• ASSIGNMENT
Transcribe every line of the material below without change, apart from dropping the pictures.
○ ○ ○ ○ ○
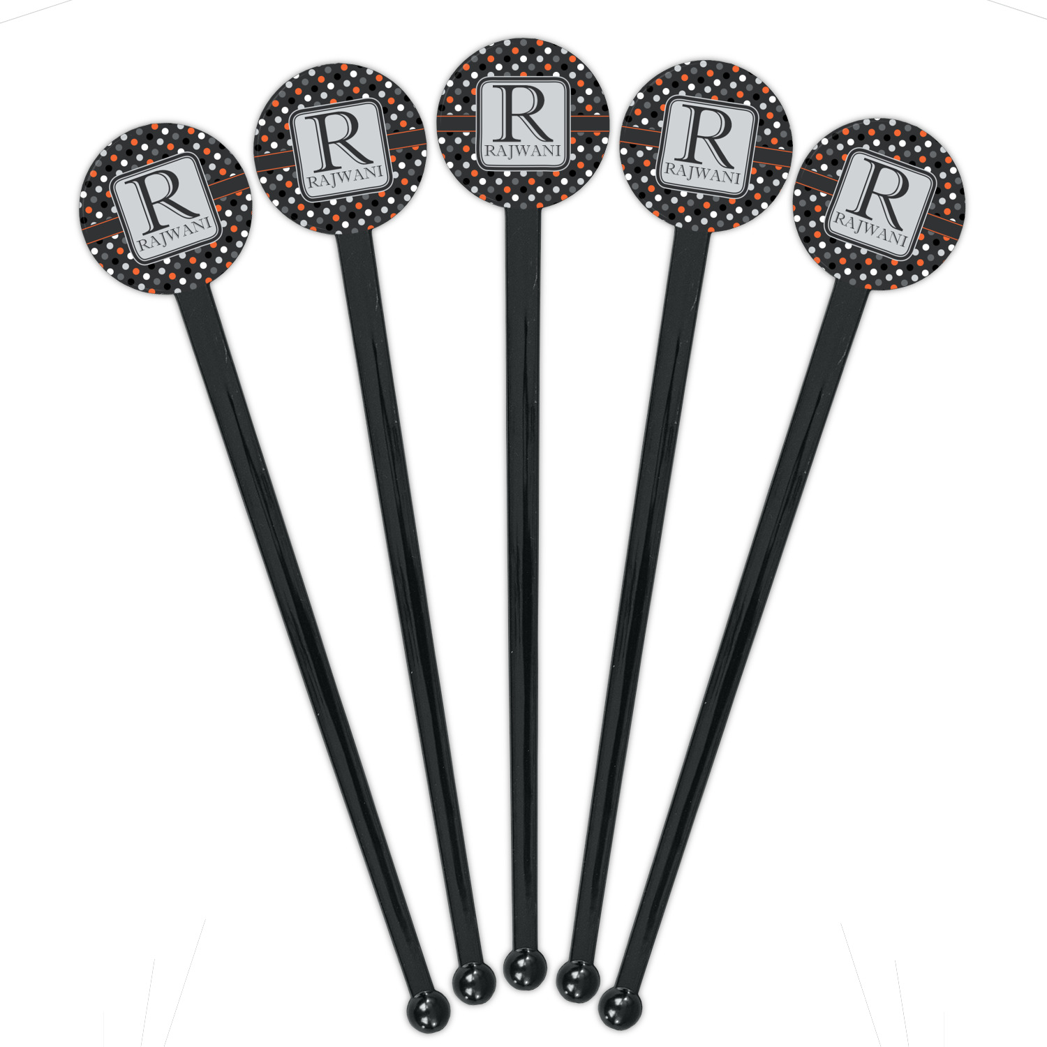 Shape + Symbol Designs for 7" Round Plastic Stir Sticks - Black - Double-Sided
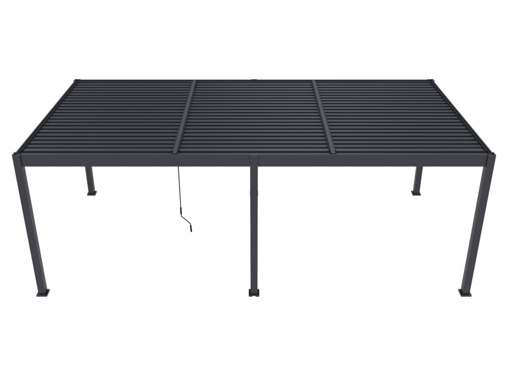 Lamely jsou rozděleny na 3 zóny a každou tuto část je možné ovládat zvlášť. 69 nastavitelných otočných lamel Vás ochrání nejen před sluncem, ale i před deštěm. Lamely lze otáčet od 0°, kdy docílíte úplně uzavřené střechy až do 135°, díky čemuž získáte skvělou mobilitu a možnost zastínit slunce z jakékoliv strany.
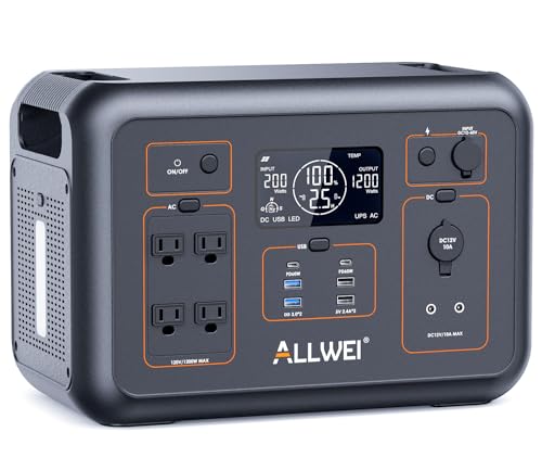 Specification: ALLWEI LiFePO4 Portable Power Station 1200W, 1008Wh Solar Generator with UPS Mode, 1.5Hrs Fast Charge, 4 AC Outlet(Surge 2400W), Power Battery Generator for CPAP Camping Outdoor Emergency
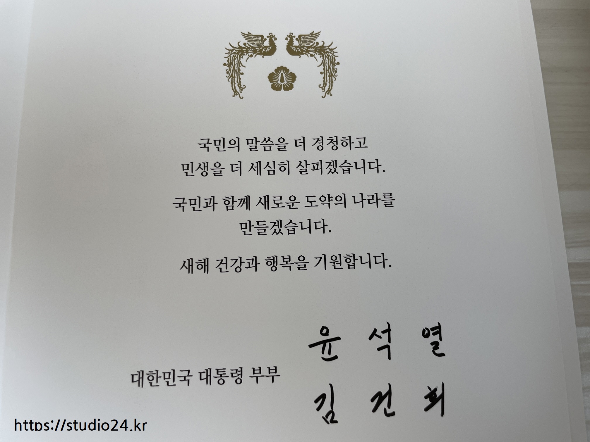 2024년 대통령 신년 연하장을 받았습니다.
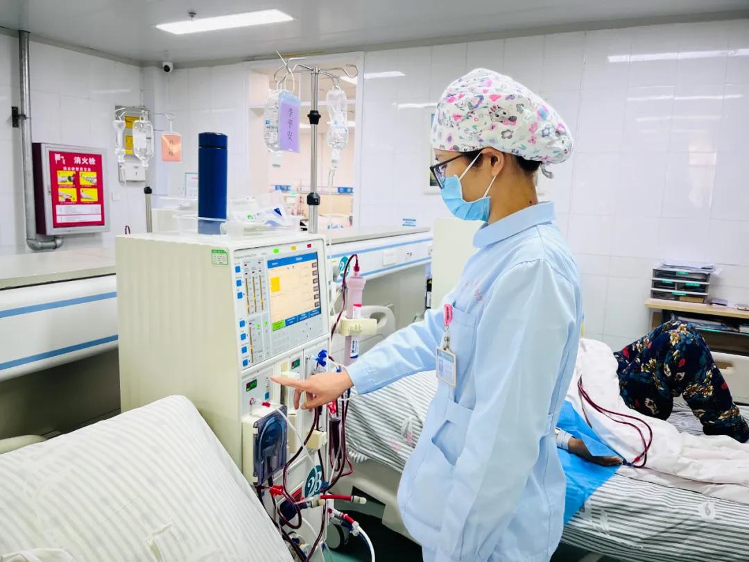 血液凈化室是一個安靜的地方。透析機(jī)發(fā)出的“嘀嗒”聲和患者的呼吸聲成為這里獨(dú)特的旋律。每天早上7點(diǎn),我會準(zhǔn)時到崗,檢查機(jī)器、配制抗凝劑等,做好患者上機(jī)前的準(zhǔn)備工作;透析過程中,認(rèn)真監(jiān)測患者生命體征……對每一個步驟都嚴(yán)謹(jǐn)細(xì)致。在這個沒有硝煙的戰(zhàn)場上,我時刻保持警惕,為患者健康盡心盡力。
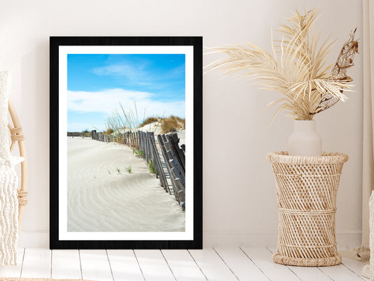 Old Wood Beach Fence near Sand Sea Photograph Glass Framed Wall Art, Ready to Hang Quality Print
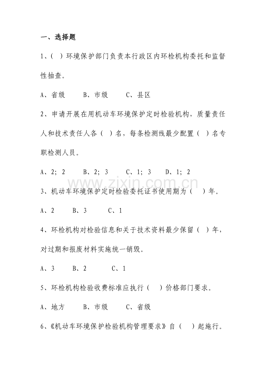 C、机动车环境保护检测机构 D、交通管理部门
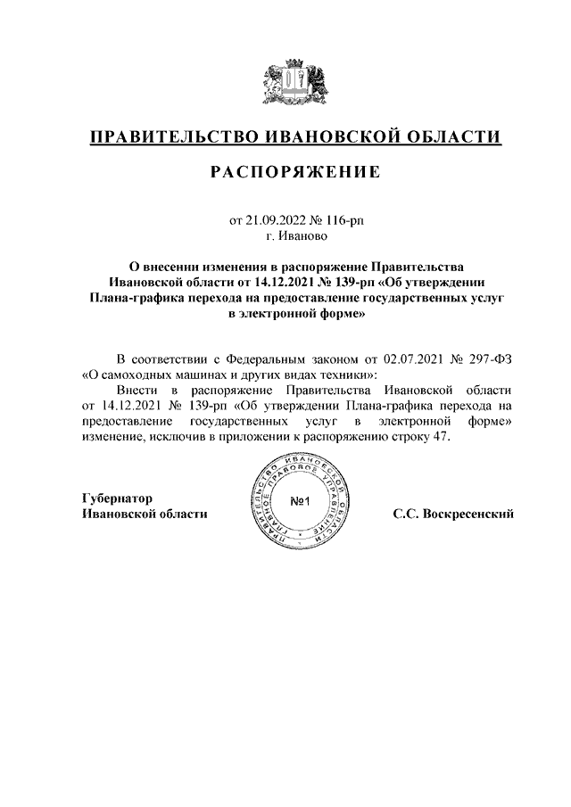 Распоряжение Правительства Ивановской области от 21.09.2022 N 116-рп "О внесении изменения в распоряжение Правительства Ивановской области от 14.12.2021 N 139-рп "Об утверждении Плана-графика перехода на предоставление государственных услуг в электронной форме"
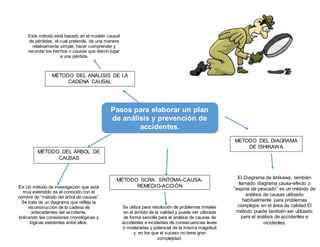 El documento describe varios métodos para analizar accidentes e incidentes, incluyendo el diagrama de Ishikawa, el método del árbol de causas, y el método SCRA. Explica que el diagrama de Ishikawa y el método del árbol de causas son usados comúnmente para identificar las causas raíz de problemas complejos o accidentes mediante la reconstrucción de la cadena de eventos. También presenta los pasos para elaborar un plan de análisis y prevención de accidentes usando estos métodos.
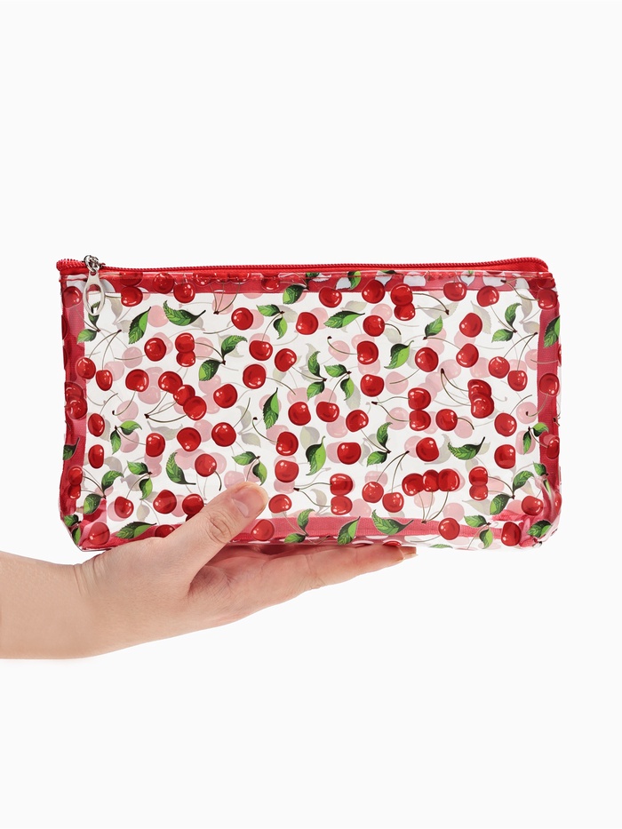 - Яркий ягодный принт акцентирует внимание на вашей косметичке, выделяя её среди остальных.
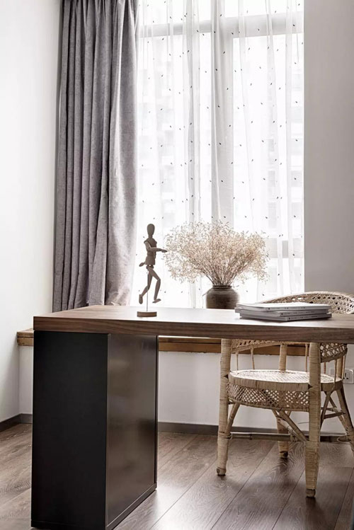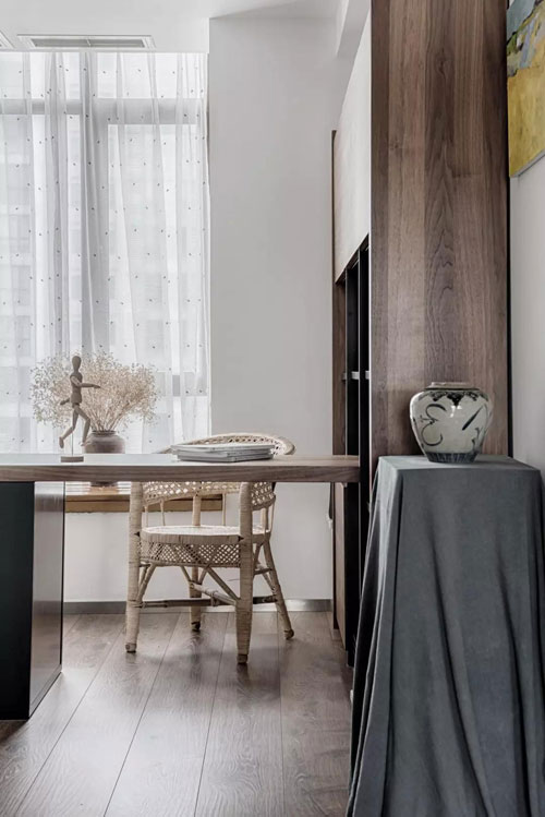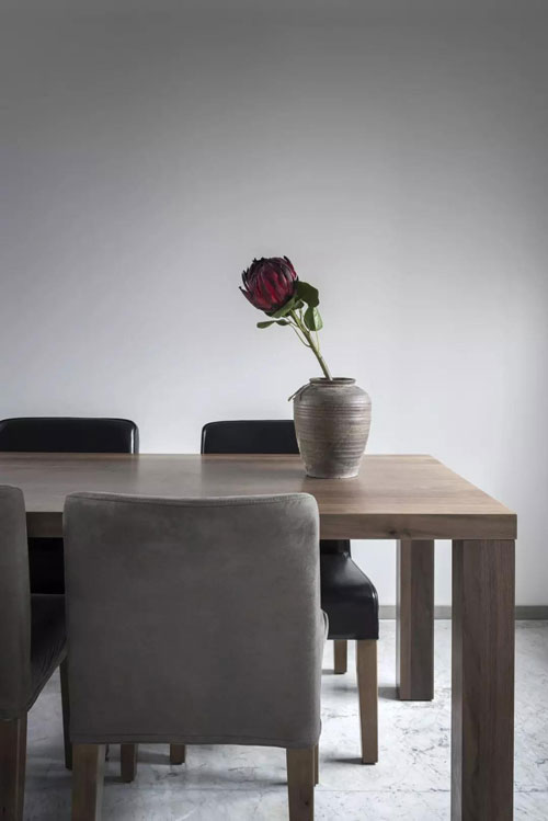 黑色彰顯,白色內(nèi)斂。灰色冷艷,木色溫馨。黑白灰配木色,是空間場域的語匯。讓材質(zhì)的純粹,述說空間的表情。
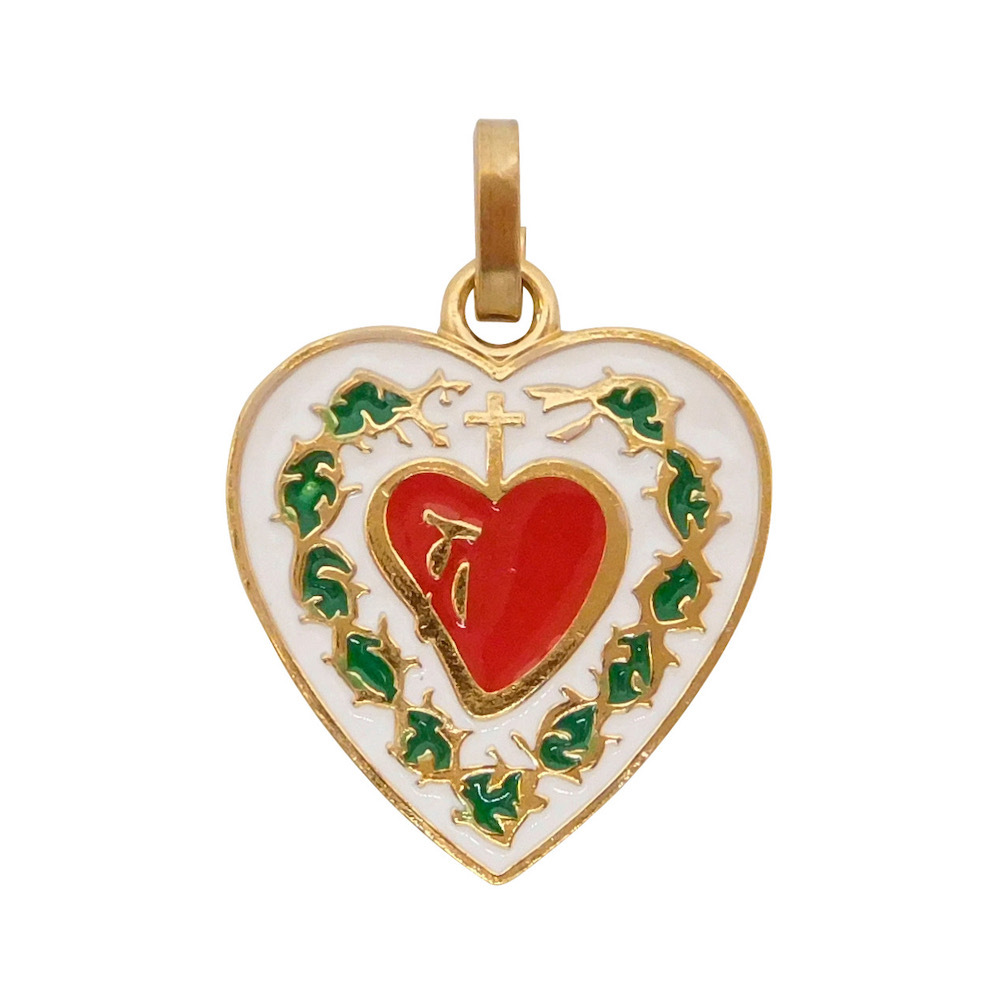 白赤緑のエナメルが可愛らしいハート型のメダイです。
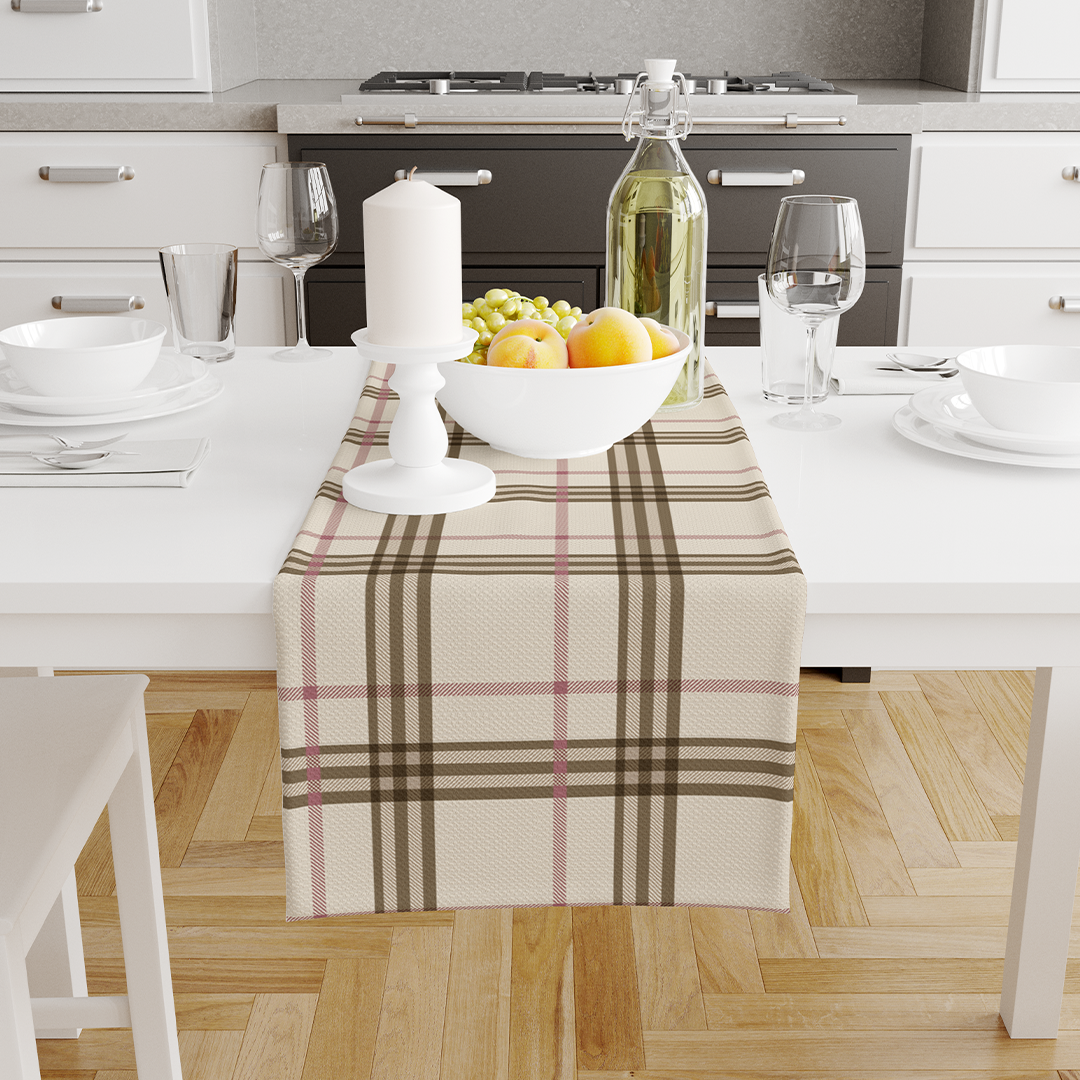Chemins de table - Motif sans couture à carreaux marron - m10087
○ ○ ○ ○ ○
• SOLUTION TO THE EXERCISE
 Shape + Symbol Designs for 7" Round Plastic Stir Sticks - Black - Double-Sided
 Lamely jsou rozděleny na 3 zóny a každou tuto část je možné ovládat zvlášť. 69 nastavitelných otočných lamel Vás ochrání nejen před sluncem, ale i před deštěm. Lamely lze otáčet od 0°, kdy docílíte úplně uzavřené střechy až do 135°, díky čemuž získáte skvělou mobilitu a možnost zastínit slunce z jakékoliv strany.
 Specification: ALLWEI LiFePO4 Portable Power Station 1200W, 1008Wh Solar Generator with UPS Mode, 1.5Hrs Fast Charge, 4 AC Outlet(Surge 2400W), Power Battery Generator for CPAP Camping Outdoor Emergency
 2024년 대통령 신년 연하장을 받았습니다.
 血液凈化室是一個安靜的地方。透析機(jī)發(fā)出的“嘀嗒”聲和患者的呼吸聲成為這里獨(dú)特的旋律。每天早上7點(diǎn),我會準(zhǔn)時到崗,檢查機(jī)器、配制抗凝劑等,做好患者上機(jī)前的準(zhǔn)備工作;透析過程中,認(rèn)真監(jiān)測患者生命體征……對每一個步驟都嚴(yán)謹(jǐn)細(xì)致。在這個沒有硝煙的戰(zhàn)場上,我時刻保持警惕,為患者健康盡心盡力。
 Old Wood Beach Fence near Sand Sea Photograph Glass Framed Wall Art, Ready to Hang Quality Print
 C、机动车环境保护检测机构 D、交通管理部门
 Распоряжение Правительства Ивановской области от 21.09.2022 N 116-рп "О внесении изменения в распоряжение Правительства Ивановской области от 14.12.2021 N 139-рп "Об утверждении Плана-графика перехода на предоставление государственных услуг в электронной форме"
 El documento describe varios métodos para analizar accidentes e incidentes, incluyendo el diagrama de Ishikawa, el método del árbol de causas, y el método SCRA. Explica que el diagrama de Ishikawa y el método del árbol de causas son usados comúnmente para identificar las causas raíz de problemas complejos o accidentes mediante la reconstrucción de la cadena de eventos. También presenta los pasos para elaborar un plan de análisis y prevención de accidentes usando estos métodos.
 - Яркий ягодный принт акцентирует внимание на вашей косметичке, выделяя её среди остальных.
 黑色彰顯,白色內(nèi)斂。灰色冷艷,木色溫馨。黑白灰配木色,是空間場域的語匯。讓材質(zhì)的純粹,述說空間的表情。
 白赤緑のエナメルが可愛らしいハート型のメダイです。
Chemins de table - Motif sans couture à carreaux marron - m10087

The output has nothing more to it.